External TTS
External TTS lets the realtime LLM produce text while a dedicated speech provider synthesizes the audio heard by the user. Use it when you need a specific voice, lower synthesis latency from a TTS vendor, word timing, or provider-specific voice controls.
Built-In Providers
| Provider | Class | Notes |
|---|---|---|
| Cartesia | CartesiaTTSProvider | Uses Cartesia Sonic WebSocket streaming, sentence buffering, speed, emotion, and voice ID controls. |
| ElevenLabs | ElevenLabsTTSProvider | Uses ElevenLabs stream-input WebSocket API, sentence buffering, voice settings, language code, and backpressure. |
Both implement the provider-agnostic TTSProvider interface.
Session Flow
Client mic
-> VoiceSession
-> LLMTransport in text response mode
-> TTSProvider.synthesize(text, requestId)
-> TTSProvider.onAudio(base64Pcm, durationMs, requestId)
-> VoiceSession
-> client speakerWhen ttsProvider is set:
VoiceSessionconfigures the LLM transport for text-mode responses.- The provider receives the preferred output audio format with
configure(). - Text deltas from the LLM are streamed into
synthesize(). - Audio chunks from the provider are sent to the client.
requestIdfilters stale chunks after interruption or cancellation.- Turn completion waits until both the LLM text stream and TTS audio stream finish.
Cartesia Example
import { google } from '@ai-sdk/google';
import {
CartesiaTTSProvider,
GeminiBatchSTTProvider,
VoiceSession,
} from 'bodhi-realtime-agent';
const ttsProvider = new CartesiaTTSProvider({
apiKey: process.env.CARTESIA_API_KEY!,
voiceId: process.env.CARTESIA_VOICE_ID!,
modelId: 'sonic-2',
speed: 'normal',
emotion: ['friendly'],
language: 'en',
});
const session = new VoiceSession({
sessionId: 'session_1',
userId: 'user_1',
apiKey: process.env.GEMINI_API_KEY!,
agents: [mainAgent],
initialAgent: 'main',
model: google('gemini-2.5-flash'),
geminiModel: 'gemini-2.5-flash-native-audio-preview-12-2025',
ttsProvider,
sttProvider: new GeminiBatchSTTProvider({
apiKey: process.env.GEMINI_API_KEY!,
model: 'gemini-3-flash-preview',
}),
port: 9900,
});
await session.start();Run the bundled demo:
export GEMINI_API_KEY="your-gemini-key"
export CARTESIA_API_KEY="your-cartesia-key"
export CARTESIA_VOICE_ID="your-cartesia-voice-id"
pnpm tsx examples/cartesia-tts-demo.tsElevenLabs Example
import { ElevenLabsTTSProvider } from 'bodhi-realtime-agent';
const ttsProvider = new ElevenLabsTTSProvider({
apiKey: process.env.ELEVENLABS_API_KEY!,
voiceId: process.env.ELEVENLABS_VOICE_ID!,
modelId: 'eleven_flash_v2_5',
stability: 0.5,
similarityBoost: 0.75,
languageCode: 'en',
});Pass the provider as VoiceSessionConfig.ttsProvider.
Audio Format Negotiation
The realtime transport advertises the output format preferred by the browser path.
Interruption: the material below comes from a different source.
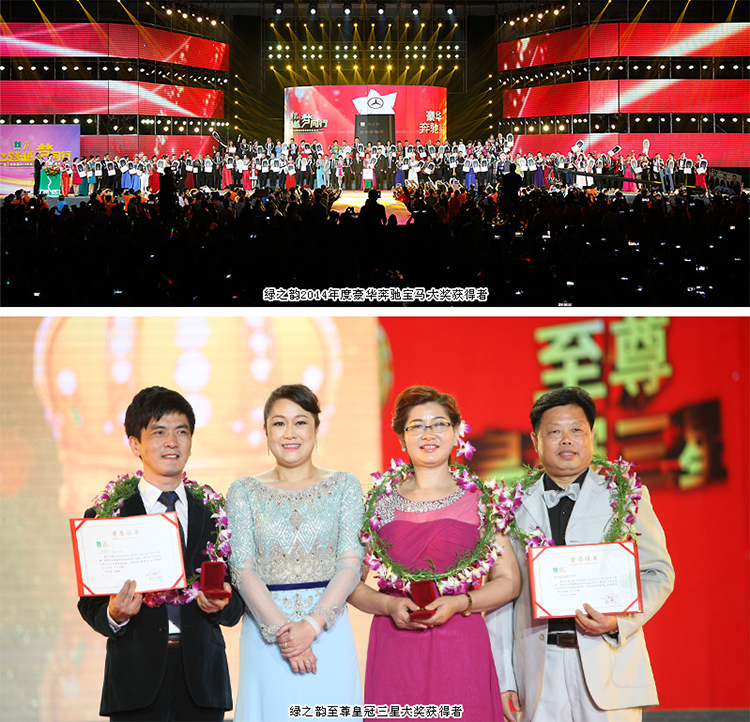 綠之韻2014新晉級(jí)皇冠一星獎(jiǎng)、二星獎(jiǎng)、三星獎(jiǎng):蒲晟犀、鮑文生、陳建軍、陳麗輝、陳立群、陳香元、曹瑛煌、陳自創(chuàng)、鄧盛等人獲得至尊皇冠一星獎(jiǎng)。陳平、范林莉、高元明(童東群)夫婦、賀紅博(陳虹萱)夫婦、賈國(guó)軍、李長(zhǎng)宇(丁翠芳)夫婦、劉鳳軍(歐建梅)夫婦等人獲得至尊皇冠二星獎(jiǎng);李政沅,周書(shū)明蘇龍輝伉儷榮膺至尊皇冠三星獎(jiǎng)。集團(tuán)副總裁、全球營(yíng)銷(xiāo)中心執(zhí)行總經(jīng)理謝尚緯,綠之韻集團(tuán)全球營(yíng)銷(xiāo)中心(中國(guó)區(qū))副總經(jīng)理劉維利,綠之韻全球戰(zhàn)略委劉尚線,綠之韻全球戰(zhàn)略委、善德國(guó)際總裁呂雷鈞等分別頒授獎(jiǎng)項(xiàng),并致以祝賀。

The TTS provider can accept it or return the closest supported PCM format:
const actual = provider.configure({
sampleRate: transport.audioFormat.outputSampleRate,
bitDepth: 16,
channels: 1,
encoding: 'pcm',
});If the provider's actual sample rate differs from the client format, VoiceSession resamples the PCM chunks before sending them to the client.
Barge-In And Cancellation
When the user interrupts:
VoiceSessioncallsttsProvider.cancel()- pending request IDs are invalidated
- late provider audio is ignored
- the client receives
turn.interrupted
Providers should clear local sentence buffers and stop or reset their streaming WebSocket as quickly as possible.
Observability
Attach hooks.onTTSSynthesis to measure synthesis latency:
hooks: {
onTTSSynthesis: (event) => {
console.log(event.provider, event.textLength, event.ttfbMs, event.durationMs);
},
}Use hooks.onError for provider errors. Fatal TTS errors close the session; non-fatal errors are reported and the session continues where possible.